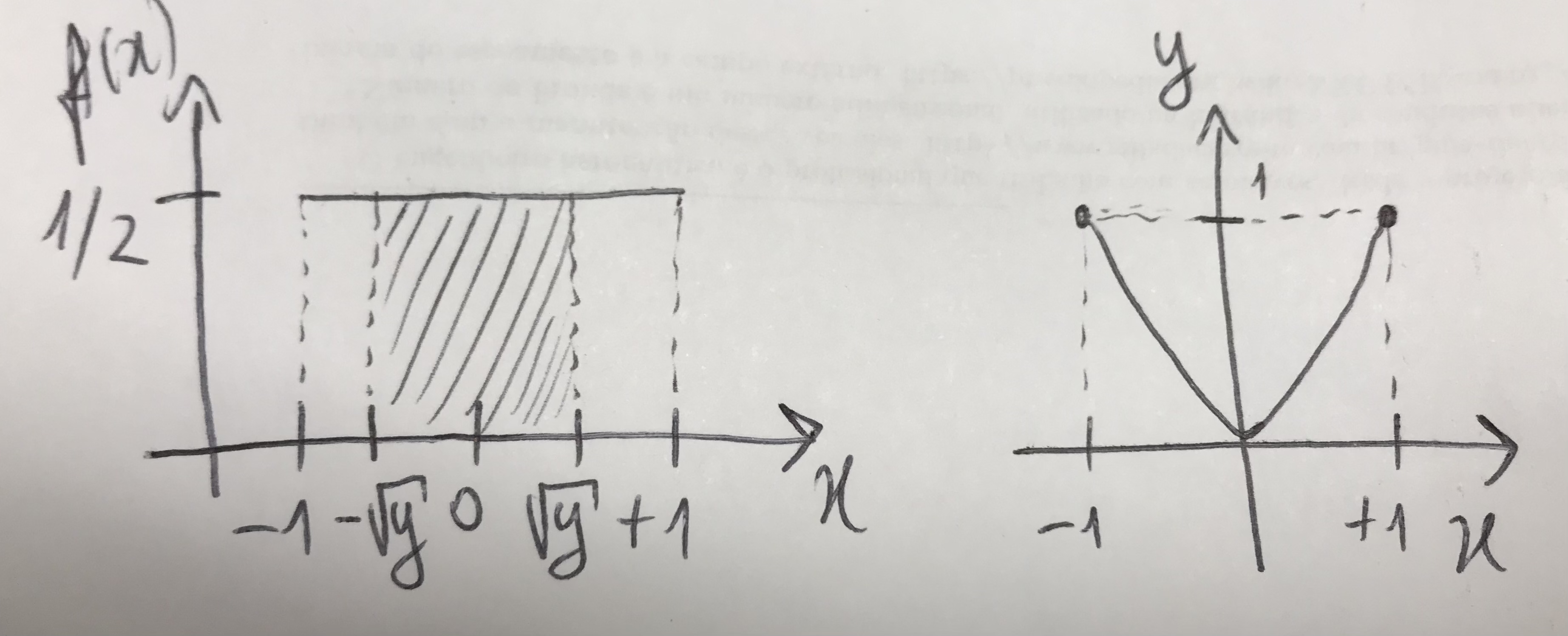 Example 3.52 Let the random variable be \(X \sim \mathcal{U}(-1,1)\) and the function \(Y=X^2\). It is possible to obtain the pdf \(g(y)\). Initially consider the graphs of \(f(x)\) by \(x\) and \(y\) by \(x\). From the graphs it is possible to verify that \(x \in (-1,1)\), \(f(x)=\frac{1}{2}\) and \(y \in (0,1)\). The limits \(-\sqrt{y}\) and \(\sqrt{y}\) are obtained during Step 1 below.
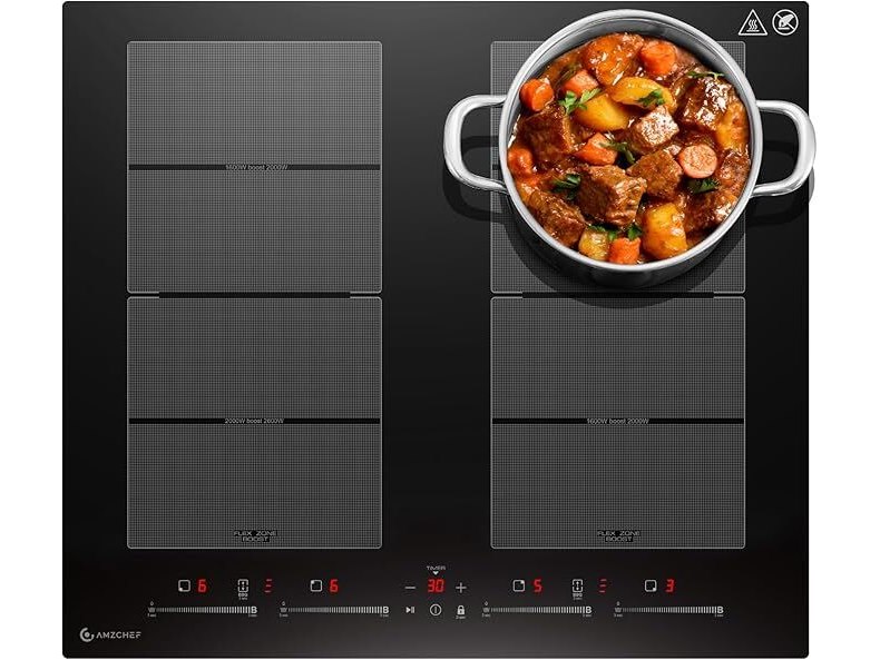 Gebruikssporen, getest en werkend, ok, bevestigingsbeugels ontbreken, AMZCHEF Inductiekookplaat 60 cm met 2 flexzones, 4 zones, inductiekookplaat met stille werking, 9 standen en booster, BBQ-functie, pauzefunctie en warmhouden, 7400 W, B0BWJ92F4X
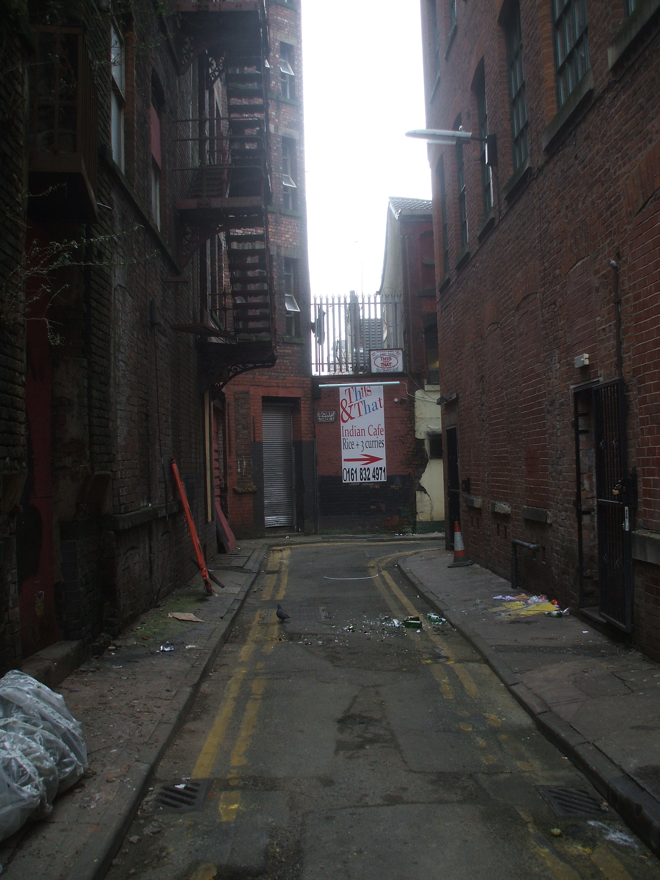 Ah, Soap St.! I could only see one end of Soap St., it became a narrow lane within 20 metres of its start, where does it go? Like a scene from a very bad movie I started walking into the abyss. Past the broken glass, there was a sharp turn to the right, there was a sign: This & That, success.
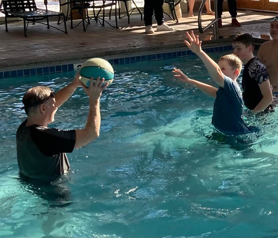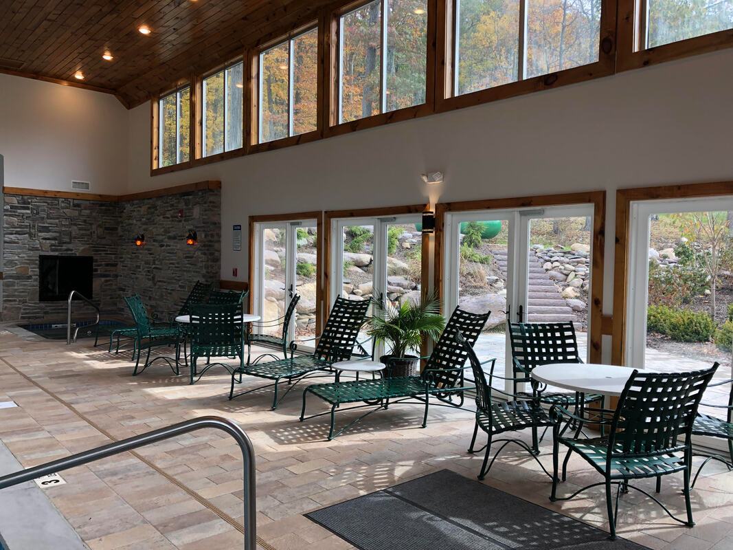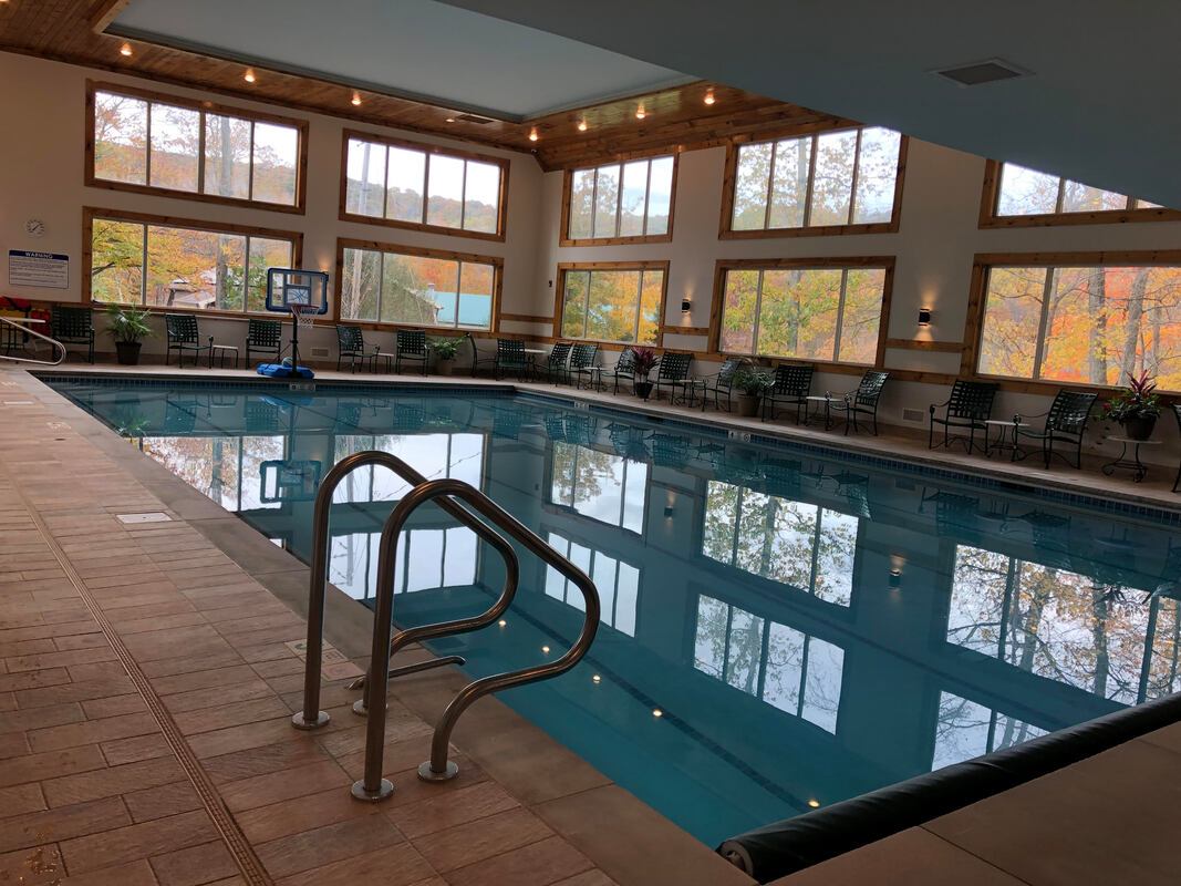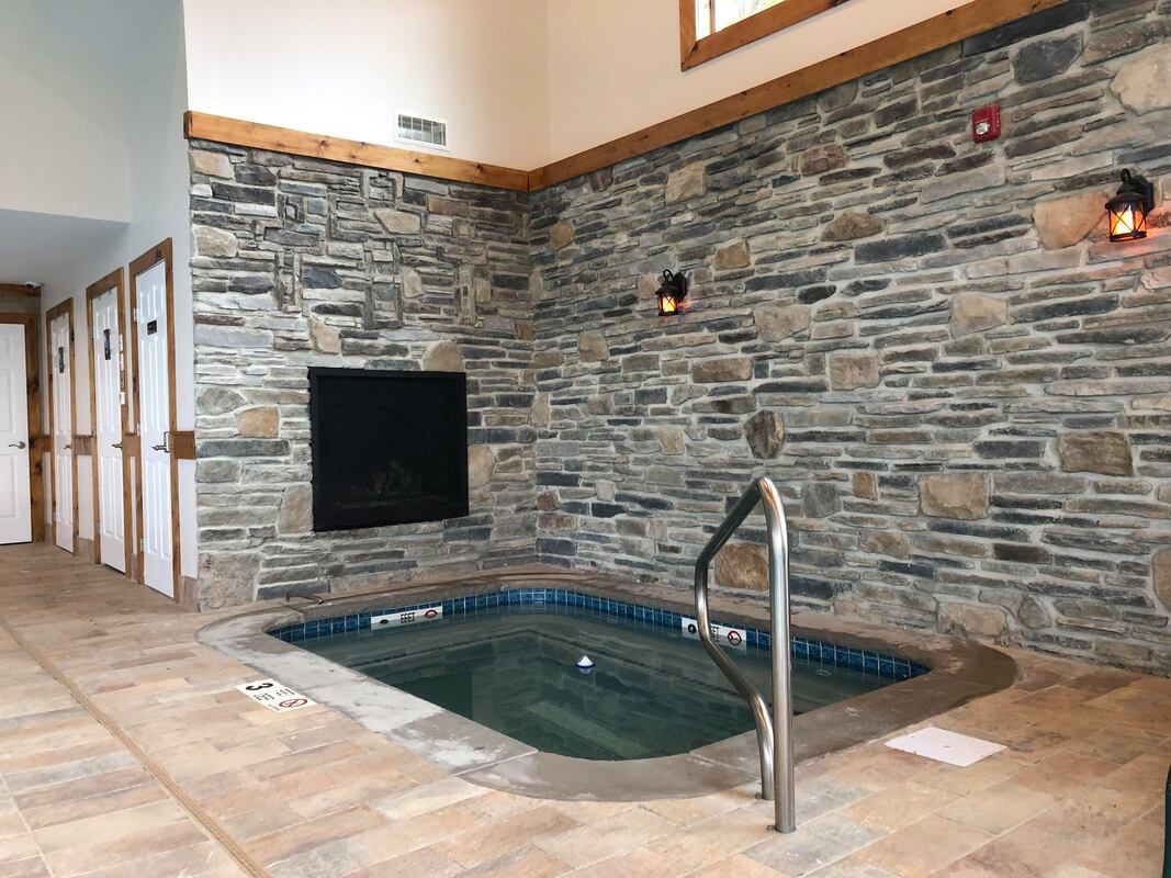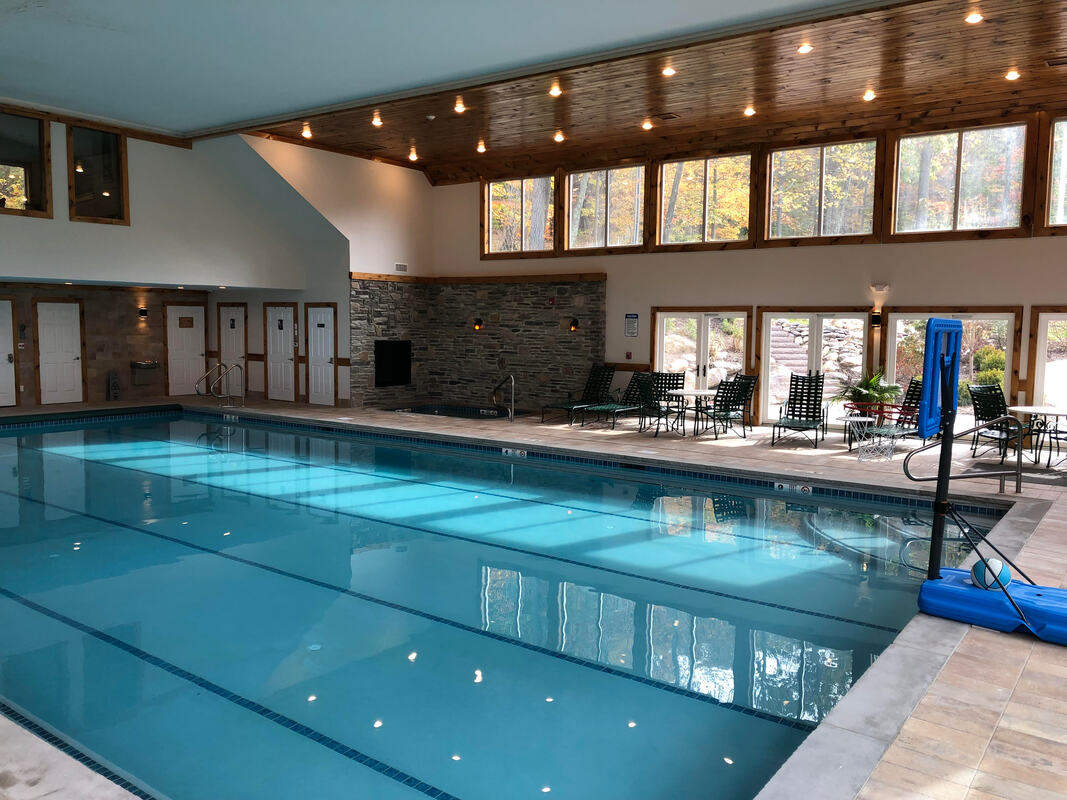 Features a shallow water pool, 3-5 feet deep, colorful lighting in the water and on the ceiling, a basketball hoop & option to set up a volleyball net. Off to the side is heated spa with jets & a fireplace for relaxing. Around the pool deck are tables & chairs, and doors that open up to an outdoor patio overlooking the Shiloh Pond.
= = = =
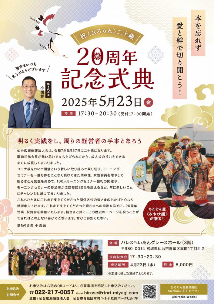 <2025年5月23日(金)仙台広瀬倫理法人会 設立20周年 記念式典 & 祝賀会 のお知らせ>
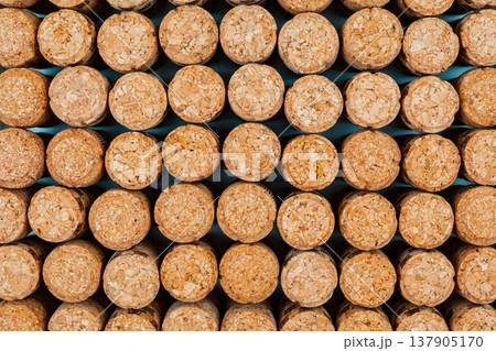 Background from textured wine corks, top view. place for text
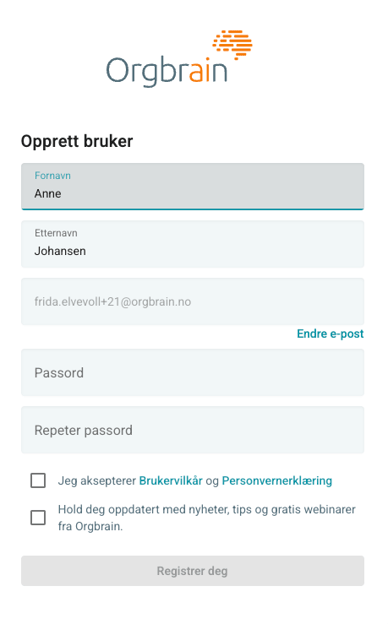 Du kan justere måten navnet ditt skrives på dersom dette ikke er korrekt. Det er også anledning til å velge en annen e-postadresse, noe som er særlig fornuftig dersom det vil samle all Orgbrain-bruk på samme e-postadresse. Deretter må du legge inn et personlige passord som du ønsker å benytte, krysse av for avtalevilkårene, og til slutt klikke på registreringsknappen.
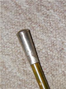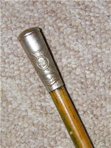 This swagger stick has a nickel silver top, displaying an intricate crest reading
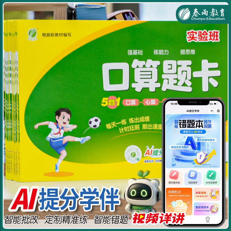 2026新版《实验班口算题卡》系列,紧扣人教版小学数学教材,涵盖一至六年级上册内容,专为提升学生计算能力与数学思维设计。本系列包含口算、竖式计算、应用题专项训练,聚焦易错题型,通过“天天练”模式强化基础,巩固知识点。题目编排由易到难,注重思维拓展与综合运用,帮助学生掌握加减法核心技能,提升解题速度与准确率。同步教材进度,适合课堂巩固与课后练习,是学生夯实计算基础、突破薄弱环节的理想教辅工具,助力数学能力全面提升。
= = = =
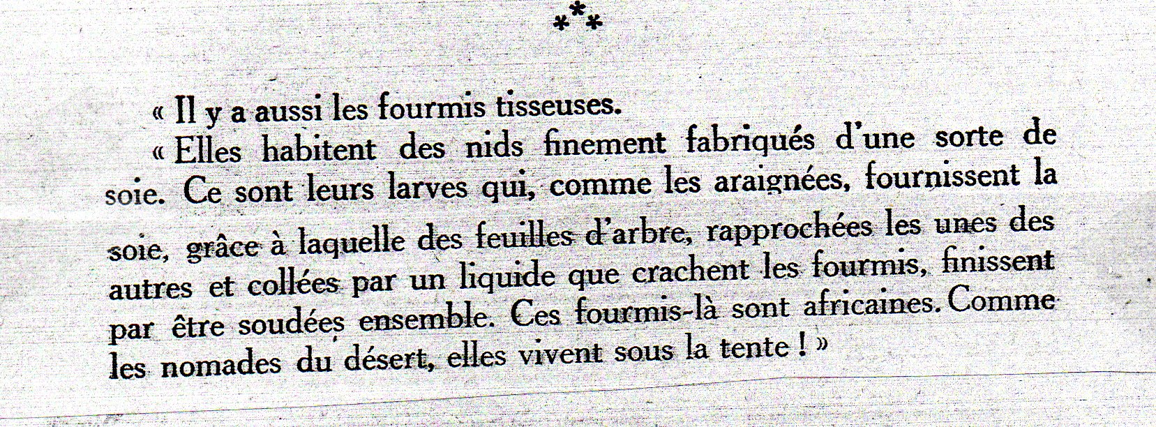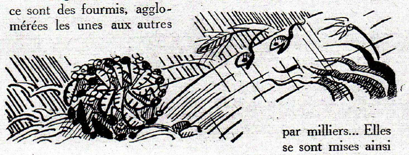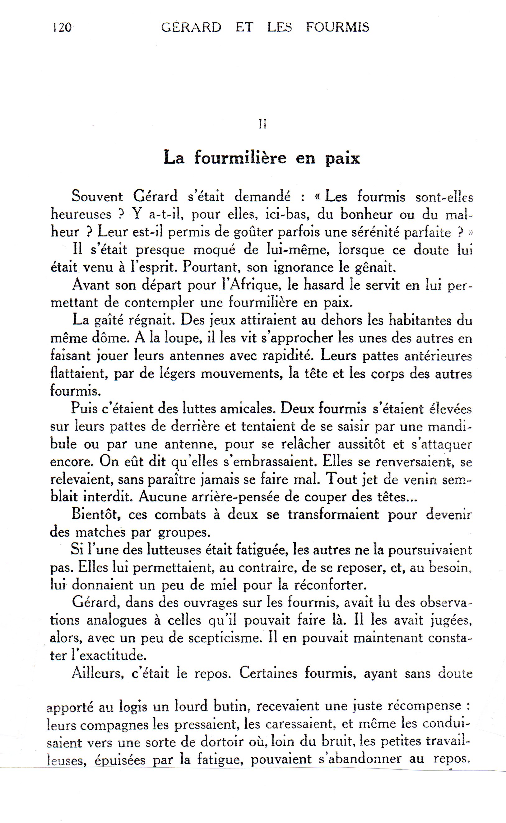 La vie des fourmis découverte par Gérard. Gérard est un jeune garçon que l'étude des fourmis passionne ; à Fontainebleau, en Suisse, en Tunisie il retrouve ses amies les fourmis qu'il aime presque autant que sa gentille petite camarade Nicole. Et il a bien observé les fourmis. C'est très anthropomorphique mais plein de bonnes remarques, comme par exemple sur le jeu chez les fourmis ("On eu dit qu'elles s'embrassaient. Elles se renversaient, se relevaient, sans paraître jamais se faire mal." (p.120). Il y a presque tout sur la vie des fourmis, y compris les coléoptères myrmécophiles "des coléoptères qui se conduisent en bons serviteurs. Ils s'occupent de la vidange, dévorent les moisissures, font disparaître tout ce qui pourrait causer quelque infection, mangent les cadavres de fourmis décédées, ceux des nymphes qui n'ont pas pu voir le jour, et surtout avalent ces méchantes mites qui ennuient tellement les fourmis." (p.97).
= = = =
» What to do
Copy the lines above between the one holding "Example 3.52 Let" and the one holding "Ah, Soap St.!", inclusive. Drop the pictures.

» Completed exercise
 Example 3.52 Let the random variable be \(X \sim \mathcal{U}(-1,1)\) and the function \(Y=X^2\). It is possible to obtain the pdf \(g(y)\). Initially consider the graphs of \(f(x)\) by \(x\) and \(y\) by \(x\). From the graphs it is possible to verify that \(x \in (-1,1)\), \(f(x)=\frac{1}{2}\) and \(y \in (0,1)\). The limits \(-\sqrt{y}\) and \(\sqrt{y}\) are obtained during Step 1 below.
 Gebruikssporen, getest en werkend, ok, bevestigingsbeugels ontbreken, AMZCHEF Inductiekookplaat 60 cm met 2 flexzones, 4 zones, inductiekookplaat met stille werking, 9 standen en booster, BBQ-functie, pauzefunctie en warmhouden, 7400 W, B0BWJ92F4X
 Ah, Soap St.! I could only see one end of Soap St., it became a narrow lane within 20 metres of its start, where does it go? Like a scene from a very bad movie I started walking into the abyss. Past the broken glass, there was a sharp turn to the right, there was a sign: This & That, success.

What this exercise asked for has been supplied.